Это понятно. Но что под словом «народ» понимают те, кто употребляет это слово в качестве риторического джокера? Те, кто без этого слова не может проговорить ни одной минуты. Те, кто всегда точно знает, что народ хочет, а чего нет. Уж явно не то, что Андрей Платонов. А что тогда?
Все время получается так, что «народ» у них — это вовсе не совокупность граждан, объединенных общими культурой и языком, а некое внеположное человеку мифическое чудище, властно требующее обильных жертвоприношений, в том числе и человеческих.
Только поняв это, и можно понять, что имеет в виду человек, который говорит, например, такое: «Вот вы тут все критикуете, всем-то вы недовольны, все-то вам не нравится, а народ, между прочим, вполне всем доволен». Что на это ответить? Что «вы еще не весь народ»? Что я, мол, тоже народ? Или, пуще того, что «нет, народу тоже далеко не все нравится»? Ни в коем случае. Жалкий лепет оправдания. Верный ответ прост: народ, может, и доволен, а я вот — нет. Вот и все.
Люди делятся на две неравные части — на тех, кто имеет имя, фамилию, возраст, пол и профессию, и тех, кто не мыслит себя вне коллективного тела. Этих, последних, разумеется больше. Но последнее слово всегда за первыми. Добровольный отказ от персональных признаков — серьезная экзистенциальная проблема. Я знал даму настолько подавленную величием своего мужа-писателя, что она, знакомясь с кем-нибудь, всякий раз, не называя своего имени, представлялась как «жена писателя такого-то». Однажды какой-то не очень вежливый шутник поинтересовался: «Ну, это понятно, а что вы делаете днем?»

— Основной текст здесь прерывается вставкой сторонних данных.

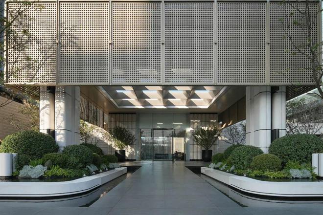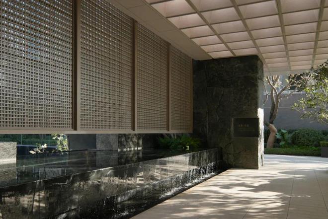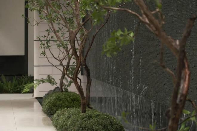 中庭立体园林取留园咫尺山林、小中见大的造园手法,为保视听感官的连续性,社区大堂采用高透宽玻,业主入园便可沉浸观赏飞瀑。
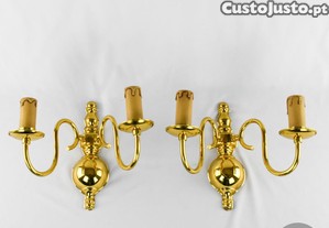 Par de apliques de parede de 2 lumes em metal dourado, meados do séc. XX

Действительно интересно, что «делают днем» все те, кто никогда ничего не говорит от собственного имени. Только от имени страны, только от имени поколения, только от имени народа. Похоже, что ничего они днем не делают.
С теми, кто якобы знает о том, что «народ хочет», а чего «народ не хочет», говорить решительно не о чем. Не знаю, кто как, но я предпочитаю разговаривать и спорить не с «народами», а с людьми. Да, согласен, в нашей стране много, может быть, слишком много людей, для которых такие понятия, как «свобода» или «личное достоинство», суть пустые звуки или, пуще того, вредоносный импорт. Ну и что с того? Историю же все равно делают не они. Историю не могут делать те, кто отрицает саму историю. Историю движет деятельное творческое меньшинство. Это медицинский, как говорится, факт. И никакие «народы» ровным счетом ничего тут не решают. Решает все только внутренний выбор каждого из нас.
Не будем, друзья, употреблять бессмысленных слов. Не надо мыслить ничего не означающими категориями. Пусть ими пользуются жрецы идеологического фронта — они иначе не умеют. Людей же для них нет, для них есть только безличный «народ», который раз в четыре года переименовывается в «электорат».